Budget 2022 adds detail to the investment tax credit for carbon capture, utilization, and storage proposed in the previous budget. Credit rates are set at 60 per cent for investment in equipment to capture carbon dioxide (CO2) via direct air capture and 50 per cent for capture by other methods. The rate is only 37.5 per cent for investment in the transportation, storage, and use of CO2. Total cost is expected to be $2.6-billion over five years. While focusing on CO2 removal supports emissions reduction policies, the problem remains: what is to be done with all the carbon dioxide that is captured? Does government policy adequately address this?
Current processes to store carbon
The options at present are recycling the captured CO2 or storing it underground. The world currently uses about 230 megatonnes (Mt) of CO2 annually in industrial processes, about half of which is used in the fertilizer industry and a third for enhanced oil recovery (EOR) in the oil and gas sector. Much of the carbon dioxide used in EOR is, however, taken from naturally occurring underground deposits, not derived from industrial capture. Enhanced oil recovery requires the injection of pressurized CO2 into oil and gas reservoirs where it increases oil recovery. The process, therefore, both relies on carbon dioxide that is already naturally sequestered, and encourages continued fossil fuel production—and hence continued high greenhouse gas emissions.
Other potential uses of captured CO2 are under development, including in the conversion of hydrogen to synthetic hydrocarbon fuel, and as a replacement for water in curing concrete. The Centre on Global Policy at New York’s Columbia University analyzed 19 recycling pathways which, when using low-carbon electricity, have the combined potential to abate 6,800 Mt of CO2 annually. However, the investment needed to achieve this is huge. Greater prioritization and a higher tax incentive for carbon utilization as well as capture would indicate the Canadian government’s commitment to carbon dioxide recycling.
Given the low technology readiness for carbon utilization and limited policy support, Canada will have to rely on underground carbon storage.
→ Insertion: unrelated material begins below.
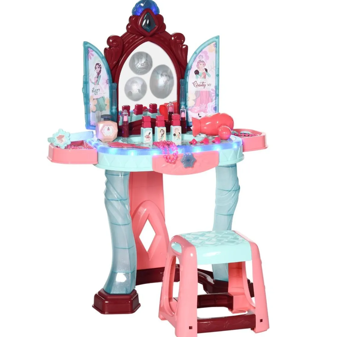 Aiyaplay – Tocador con taburete, un divertido tocador con un espejo mágico y muchos accesorios.

CO2 can be injected in its supercritical fluid form into disused oil and gas fields, and on- and offshore saline formations.
Issues with carbon sequestration
Despite what we might like to believe, carbon sequestration is not a straightforward alternative. Firstly, there is the issue of scale. Globally, the amount of carbon dioxide to be stored could approximate 10,000 Mt annually by 2030, potentially double that by 2100, assuming a policy to keep global warming to within 1.5° C. The CO2 Storage Resource Catalogue classifies less than 0.002 per cent—a mere 211 Mt out of almost 14 Gt capacity across 30 countries—as commercially available. Canada is one of only four countries with operational projects, but has sequestered just five Mt of CO2. The country’s commercial capacity is currently only 56 Mt, sufficient for less than four years given Canada’s storage target of 15 Mt of CO2 per year by 2030. Canada has 44,000 Mt of capacity that is currently inaccessible—due to its being used for hydrocarbon production. A further 360,000 Mt requires evaluation. Whether carbon sequestration is Canada’s policy of choice or of necessity, more capacity needs to be proved up, and urgently.
A second issue is technology readiness. Carbon dioxide has to be stored at least 800 metres below ground to ensure that compression is maintained and to maximize storage capacity. Although the technology is considered mature, there are few examples of its application.
Thirdly, there are safety concerns. As long as underground temperature and pressure are maintained, CO2 will remain stable and confined. However, ongoing drilling campaigns can create channels for potential carbon dioxide leakage that may compromise the security of a site.
Potential storage sites need also to be assessed with respect to environmental impact as well as technical suitability. As demand for carbon storage increases, potentially less suitable and more environmentally sensitive sites may be selected. Storage at depths less than 800 metres may be technically feasible, but in shallow reservoirs CO2 is in its gaseous phase and there is greater risk of leakage. Another new technology, injection of CO2 into basalts, an igneous rock that underlies much of northern Canada, could see carbon storage becoming more widely distributed.
Future risks to store carbon
Proving up underground storage reservoirs and advancing technology readiness will not keep pace with the amount of CO2 needing to be captured. As the pressure for carbon storage increases, there is a risk of less rigorous assessment, stewardship, and monitoring of these facilities and of more widespread contamination of groundwater and soil, impacting plant and animal life, and of carbon dioxide leaking back into the air. In the meantime, we bury such problems along with the CO2 and continue to produce more fossil fuels.